Why Ladakh standoff could be part of Xi agenda to divert attention from China’s local issues
Opinion

Why Ladakh standoff could be part of Xi agenda to divert attention from China’s local issues

In episode 553 of Cut the Clutter, Shekhar Gupta highlights how Chinese President Xi Jinping has been under fire for his handling of Covid pandemic, among other issues.

Representational image | PTI

Representational image | Mask of Chinese President Xi Jinping | PTI

New Delhi: The ongoing standoff between Indian and Chinese troops at the Line of Actual Control (LAC) in Eastern Ladakh could be part of President Xi Jinping’s larger game-plan to divert attention from domestic troubles that Beijing is currently facing, ThePrint’s Editor-in-Chief Shekhar Gupta argued in episode 553 of ‘Cut The Clutter’.

Referring to an article that appeared in The Guardian, written by Cai Xia, a former professor at the Central Party School of Beijing who is now expelled from China for writing against President Xi, Gupta said China has been silencing such dissenting voices. 

According to Cai, President Xi has been an obstacle to progress in China and has mishandled the Covid pandemic. Xi had met the politburo on 7 January, which Gupta said was weeks before he warned the world about the coronavirus pandemic. 

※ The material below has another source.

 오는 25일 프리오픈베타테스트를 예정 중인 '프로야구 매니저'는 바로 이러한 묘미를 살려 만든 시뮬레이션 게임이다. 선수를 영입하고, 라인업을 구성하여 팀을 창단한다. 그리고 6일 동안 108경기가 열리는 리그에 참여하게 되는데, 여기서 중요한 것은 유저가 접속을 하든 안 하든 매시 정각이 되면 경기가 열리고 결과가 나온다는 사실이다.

In the speech, Xi had made it clear to the politburo members that there is a new virus and discussed the coronavirus problem. Gupta referred to Cai quoting the Chinese Communist Party’s journal, Quishi, stating that the Chinese president could have informed and warned China and the world about the virus “much earlier than he did”. 

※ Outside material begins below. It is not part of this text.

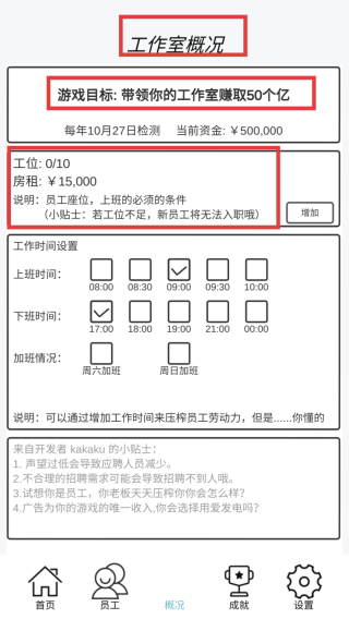 3、明确【游戏目标:带领你的工作室赚取50个亿】,关注【工位】情况,当前0/10,工位不足新员工无法入职,可按需点击【增加】。

“So this is a damning indictment of Xi Jinping. Not that he cares that much probably, but it is evidence from an insider,” Gupta said. 


Also read: Another round of India-China talks tomorrow as LAC disengagement process remains ‘complex’

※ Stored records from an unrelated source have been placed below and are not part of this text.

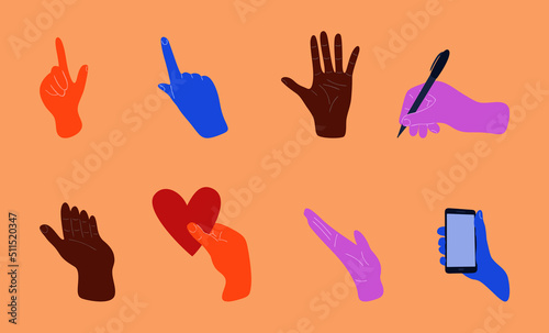 © north100, Obraz premium human hands icons set, flat style isolated vector
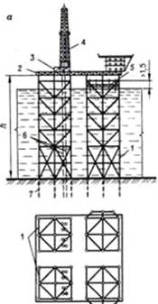 причально-посадочное устройство; 6 - водоотделяющая колонна (обсадная); 7 -
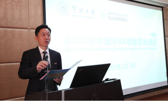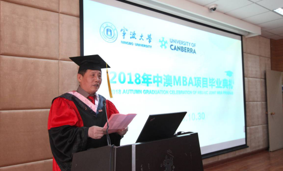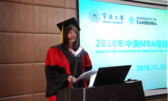 10月30日下午,2018届宁大中澳MBA秋季毕业典礼在91制片厂 109报告厅顺利举行。澳大利亚堪培拉大学商业、政府与法律学院执行院长Maree Sainsbury博士,91制片厂 院长金祥荣教授、党委书记史宏协、副院长盛沛锋、院长助理朱一鸿及项目任课老师和助课老师等出席了本次毕业典礼。除部分已赴堪培拉大学毕业典礼领取毕业证的同学外,有24名毕业学员来现场参加了此次活动。典礼由91制片厂 副院长盛沛锋主持。

‘China heading towards disaster, isolation’

Quoting Cai, Gupta said, Xi’s powers have become “unlimited” and that he has made “the world China’s enemy or he has made China the world’s enemy”. 

“Next point, she says that now you get into a vicious cycle of mistakes, because he makes a wrong decision, which has bad results. Nobody can tell him. Nobody can tell him to reverse a decision,” he said. “So you follow it up with more bad decisions. Everybody’s far too afraid to question him. So that’s why China is heading towards a disaster and isolation.” 

Gupta said many like Cai are unhappy in China, especially those who believed in reforms brought about in China by Deng Xiaoping. He also spoke about other experts on China who highlighted the methodology followed by the Chinese Communist Party. 

Among them is Richard McGregor, a former Financial Times correspondent who is now with the Lowy Institute. McGregor is also the author of ‘The Party: The Secret World of China’s Communist Rulers’.

In one of the articles written by McGregor for the Nikkei Asian Review, he said, “All state media had said that China needs political stability between 2020 and 2035 to genuinely grow into a superpower, and for that, that has been used as an excuse to give Xi Jinping this kind of position. But he said far from providing stability, he thinks, that Xi’s  decision may do the opposite.”